Why not pay them via direct debit? Much easier and cheaper!


----------



## Alcalaina (Aug 6, 2010)

snikpoh said:


> Why not pay them via direct debit? Much easier and cheaper!


Oh yes, I know ... But not much help if you don't even realise your bills aren't being paid!


----------



## Gazeebo (Jan 23, 2015)

I'm all for drones if nothing else succeeds, having rented a dangerous villa from a British lady who owns two properties in Pinosol, Javea, and has driven a British registered car and van plated vehicles for several years in Javea, probably never declared any tax for either properties she owns and rents out in Spain, but is still seen as living in the UK, following enquiries of the Inland Revenue that lists directors. Mind you, more fool the Spanish authorities in Javea! Obviously even the Guarda are not bothered or are blind. Even the locals have been seeing these people driving about in their illegal vehicles for years. It makes a fool of the Spanish authorities and makes me ashamed to say I am British.


----------



## extranjero (Nov 16, 2012)

Gazeebo said:


> I'm all for drones if nothing else succeeds, having rented a dangerous villa from a British lady who owns two properties in Pinosol, Javea, and has driven a British registered car and van plated vehicles for several years in Javea, probably never declared any tax for either properties she owns and rents out in Spain, but is still seen as living in the UK, following enquiries of the Inland Revenue that lists directors. Mind you, more fool the Spanish authorities in Javea! Obviously even the Guarda are not bothered or are blind. Even the locals have been seeing these people driving about in their illegal vehicles for years. It makes a fool of the Spanish authorities and makes me ashamed to say I am British.
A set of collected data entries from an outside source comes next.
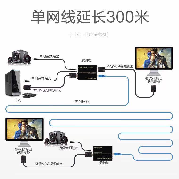 Funger VGA 100 m 100 m 200 m 300 m single network route audio-video amplifier VGA turn RJ45 transmission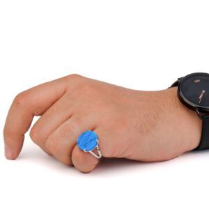 خاتم فضه عقيق ازرق معرق دائري-متجرفونيم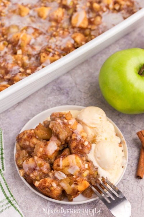You only want to buy four ingredients, you say? Family Fresh Meals has you covered there, too. This bake uses a canned cinnamon roll base, topped with apple pie filling and a little extra pie spice, with a green apple diced and sprinkled throughout for a bit of tartness.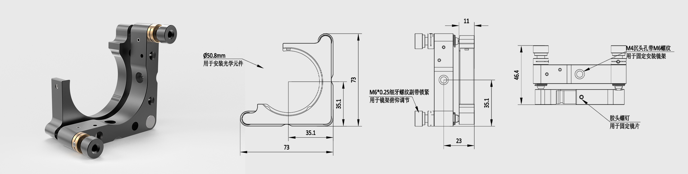 C型开口反射镜架 右手系 夹持镜片尺寸50.8mm 两轴调节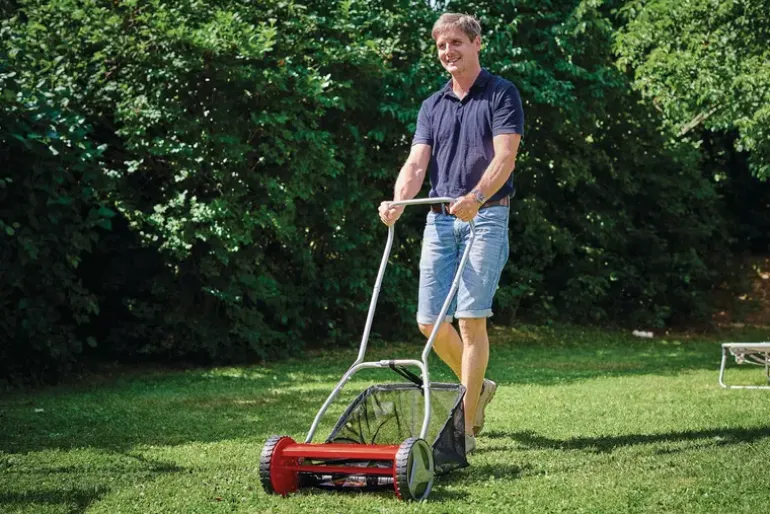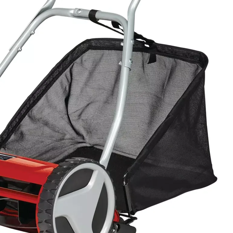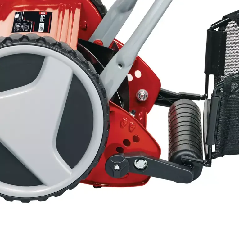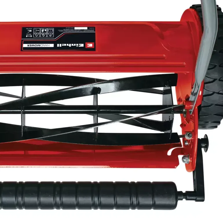 The Einhell GC-HM 400 cylinder lawn mower is a robust, functional lawn mower without a motor drive, for the clean, quiet and also environment-friendly mowing of lawns of up to 250 m² in size. The ball-bearing mounted mower spindle with 5 high-grade steel blades is designed for a cutting width of 40 cm. The cutting height adjustment facility with 4 levels can be adjusted to individual requirements between 13 mm and 37 mm. The plastic roller has a diameter of 46 mm. The cylinder lawn mower has lawn-friendly large wheels. A curved long handle provides optimum on-the-job ergonomics. There is a parking position for easy and secure storage of the lawn mower. The 27 liter grass catch basket is removable and easy to empty.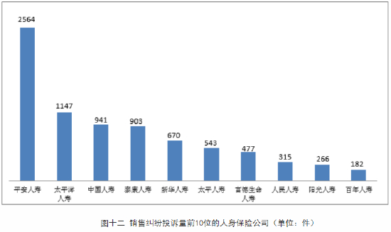 1.平安人寿的销售纠纷投诉量位列人身保险公司第一。人身保险公司销售纠纷投诉量居前10位的为:平安人寿2564件,占平安人寿投诉总量的62.64%;太平洋人寿1147件,占比58.25%;中国人寿941件,占比53.77%;泰康人寿903件,占比53.59%;新华人寿670件,占比49.34%;太平人寿543件,占比51.42%;富德生命人寿477件,占比56.32%;人民人寿315件,占比49.76%;阳光人寿266件,占比52.88%;百年人寿182件,占比54.17%。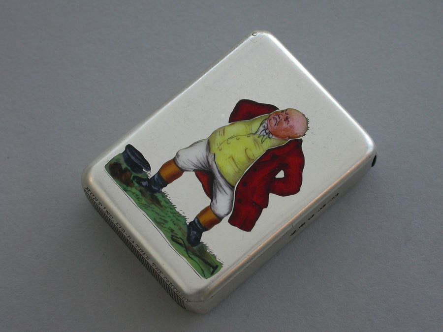 Victorian Silver & Enamel Mr Jorrock's Vesta Case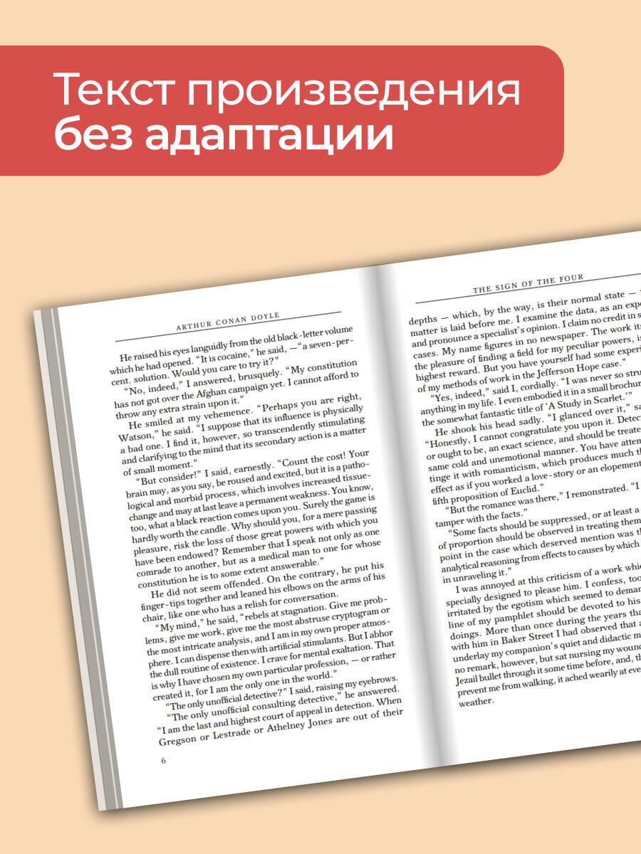 Чтение художественной литературы в оригинале - прекрасный способ совершенствовать английский язык. Блестящий стиль, интригующий сюжет и обаятельные персонажи детективных рассказов знаменитого британского писателя Артура Конана Дойла не дадут оторваться от книги ни на минуту. "Знак четырех" - это вторая повесть о приключениях Шерлока Холмса и доктора Ватсона. В ней прославленный детектив и его верный друг расследуют тайну анонимных посланий, которые получает их клиентка Мэри Морстен. Чтобы выяснить правду героям придется распутать сеть интриг и предательств, ведущих к давно забытому преступлению. Также в книгу вошел сборник рассказов "Записки о Шерлоке Холмсе". Произведения изданы без адаптации и сокращений. Наслаждайтесь приключениями Шерлока Холмса в оригинале!| Издательство | Издательство "АСТ" |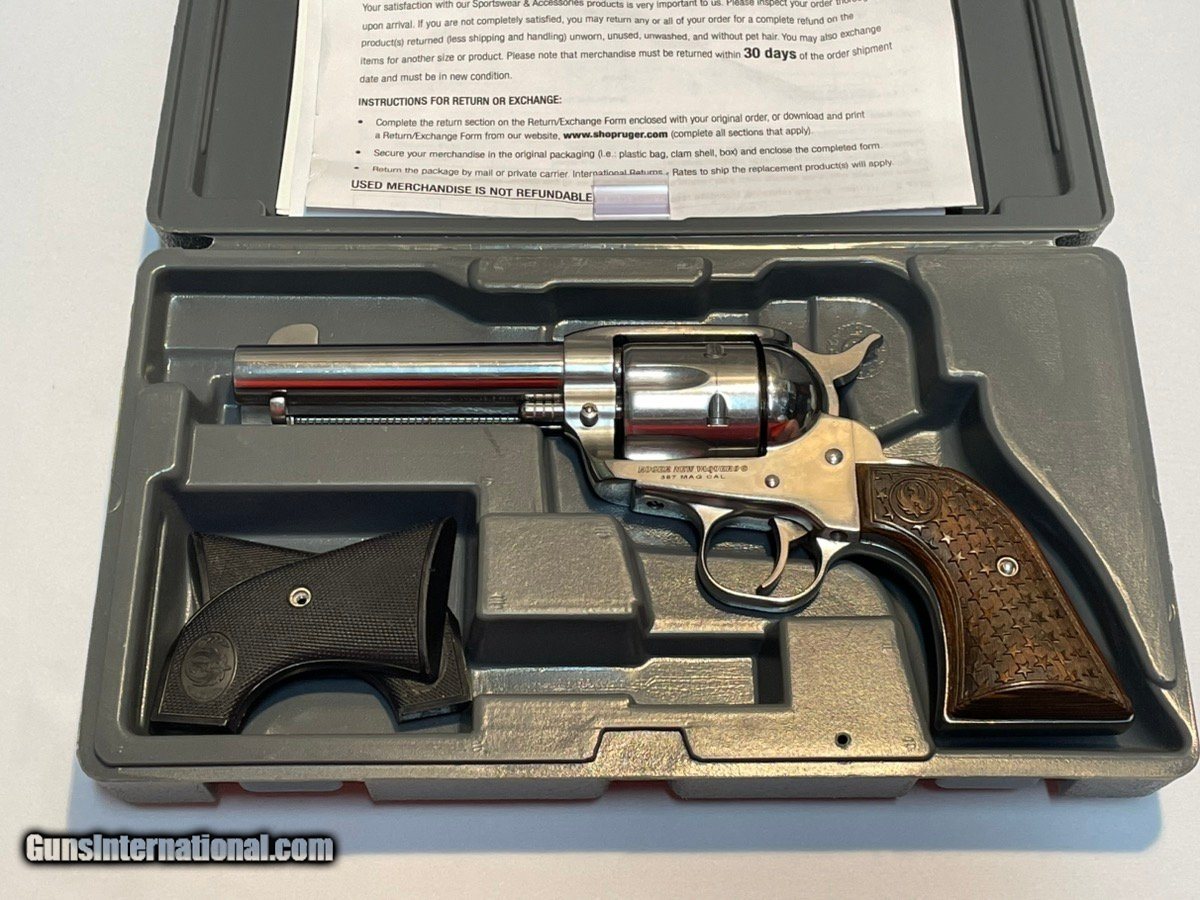 Description: Guns Listing ID: 502057 FCS109309 Excellent Condition TALO Distributor Exclusive Additional Polymer Grips Included OEM Case Included SOLD Manufacturer: RUGER Model: VAQUERO Caliber Info: .357 MAG Condition: Used - Non-Certified Barrels: 4.5 Action: REVOLVER Finish: polished stainless |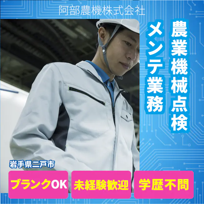 過去の先輩方は飲食店、事務職など、整備未経験の方でも入社いただけます。 企業名 阿部農機株式会社正社員求人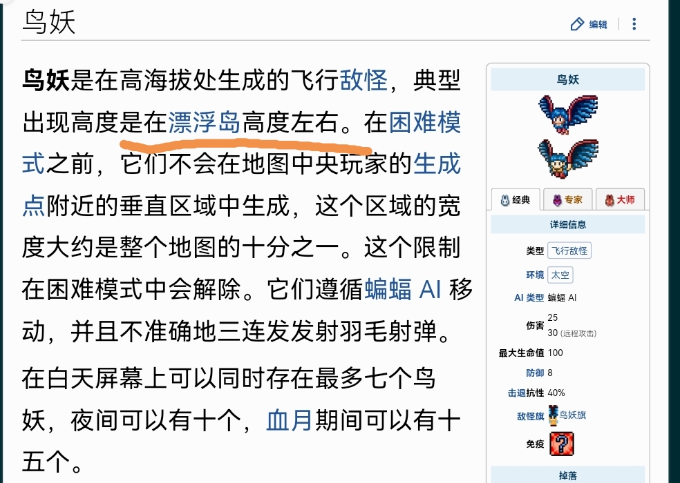 首頁 泰拉瑞亞 問答 泰拉瑞亞鳥妖刷新條件是什麼? 2022-11-07 玩家的飛行高度只有達到了浮空島左右就會刷出鳥妖,在困難模式之前地圖1/10大小的中央區域是不會刷出鳥妖的,但是困難模式之後這個限制就解除了。

Hope you have let the Hacienda know!
Unless there is a denuncia to Trafico, she will keep driving around in her illegal cars


----------



## Gazeebo (Jan 23, 2015)

extranjero said:


> Hope you have let the Hacienda know!
> Unless there is a denuncia to Trafico, she will keep driving around in her illegal cars


No I haven't, as she has my home address!


----------



## Alcalaina (Aug 6, 2010)

Gazeebo said:


> No I haven't, as she has my home address!


She need never know it was you. The police won't tell her the source of the denuncia.


----------